Engineering9 min read

How webhook fan-out works under the hood

A technical walkthrough of our delivery queue, retry logic, and how we guarantee at-least-once delivery for every inbound message.

SC

Sam Chen

Engineer · June 24, 2025

When an email arrives at one of your Programmable Inbox inboxes, it passes through a delivery pipeline before hitting your webhook endpoint. This post walks through exactly what happens and why we built it the way we did.

The delivery pipeline

Every inbound message goes through five stages:

  1. 1Receive — SMTP server accepts the connection, validates the recipient domain
  2. 2Parse — Raw MIME is parsed into structured JSON (headers, body, attachments)
  3. 3Enqueue — Message is written to a durable queue before any delivery attempt
  4. 4Fan-out — Delivery workers pick up the message and POST to each registered endpoint
  5. 5Confirm — Endpoints that return 2xx are marked delivered; others are queued for retry

The queue is the critical part. We write to it synchronously during the SMTP transaction, so even if all your webhook endpoints are down, no messages are lost.

Retry logic

We use exponential backoff with jitter:

attempt 1: immediate
attempt 2: 30s ± 5s
attempt 3: 2m ± 15s
attempt 4: 10m ± 60s
attempt 5: 1h ± 10m

After five failures, the message moves to a dead-letter queue. You can inspect and replay dead-letter messages via the API:

bash
curl https://api.programmableinbox.dev/inboxes/{id}/dead-letter \
  -H "Authorization: Bearer $API_KEY"

Ordering guarantees

We guarantee at-least-once delivery, not exactly-once. Your endpoint may receive the same message more than once in edge cases (network partitions, retries after timeouts). We include an X-Inbox-Message-Id header on every POST so you can deduplicate on your side.

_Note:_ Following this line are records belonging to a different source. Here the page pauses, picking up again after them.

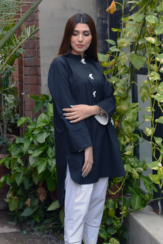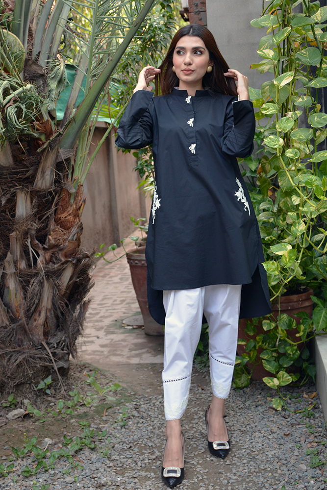 Description: This classic black cotton kurta with intricate embroidery details on the neckline and pockets, paired up with white shalwar makes this outfit the your perfect on the go outfit.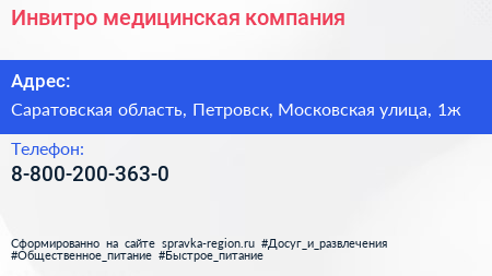 Инвитро, медицинская компания по адресу Саратовская область, Петровск, Московская улица, 1ж в дальнейшем Организация, размещена в следующих категориях: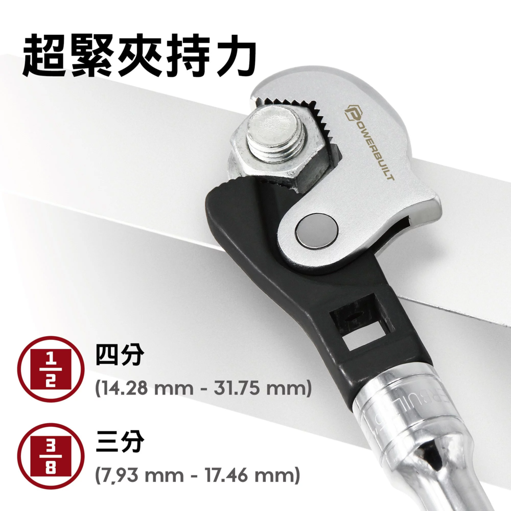 [寶力優 Powerbuilt] 兩件式自動調整萬能板手組 油管板手 三分四分接頭 台灣製造/240274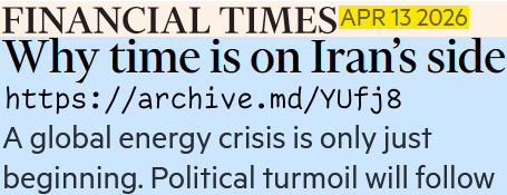 >>533191425WHY TIME IS ON IRAN'S SIDE>A global energy crisis is only just beginning. Political turmoil will follow> The longer the Strait of Hormuz is closed, the more the economic and political pressure on the US and its allies will mount. As a result, Iran’s negotiating hand is likely to be stronger — if and when peace talks resume.>The loss of some 20 per cent of the world’s energy supplies has already been called the “greatest global energy security threat in history” by Fatih Birol, the head of the International Energy Agency. >The economic impacts of the current war were cushioned for a while because a lot of oil and gas from the Gulf was already at sea when the US and Israel attacked Iran on February 28. But the effects of the strait’s closure — and of Iran’s attacks on Gulf energy infrastructure — are now really kicking in.>A rise in the price of petrol at the pump is just the beginning. A shortage of jet fuel will hit air travel, which will damage tourism just ahead of the crucial summer season in Europe. A lack of helium — much of which is produced in Qatar — could stop the production of semiconductors. Food production will be damaged by fertiliser shortages which will lead to further inflation.>The malign political and strategic effects of this war also extend well beyond the Middle East. Fuel price protests in Ireland almost brought the country to a halt last week, leading the government to call in the army to reopen highways and ports and to announce €505mn worth of fuel subsidies.worth the readhttps://archive.md/YUfj8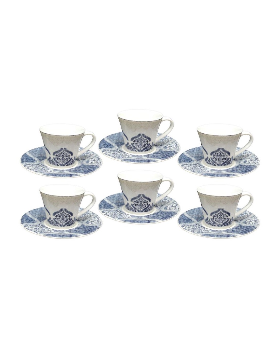 Set 6 tazze caffè con piattino coordinato in porcellana

We considered exactly-once delivery but ultimately decided the complexity wasn't worth it for most use cases. If you need strict deduplication, idempotency keys are the right tool.

What's next

We're working on streaming delivery via WebSockets for latency-sensitive use cases, and a replay-from-timestamp feature that lets you reprocess all messages from a given point in time. Both are tracked in our public roadmap on GitHub.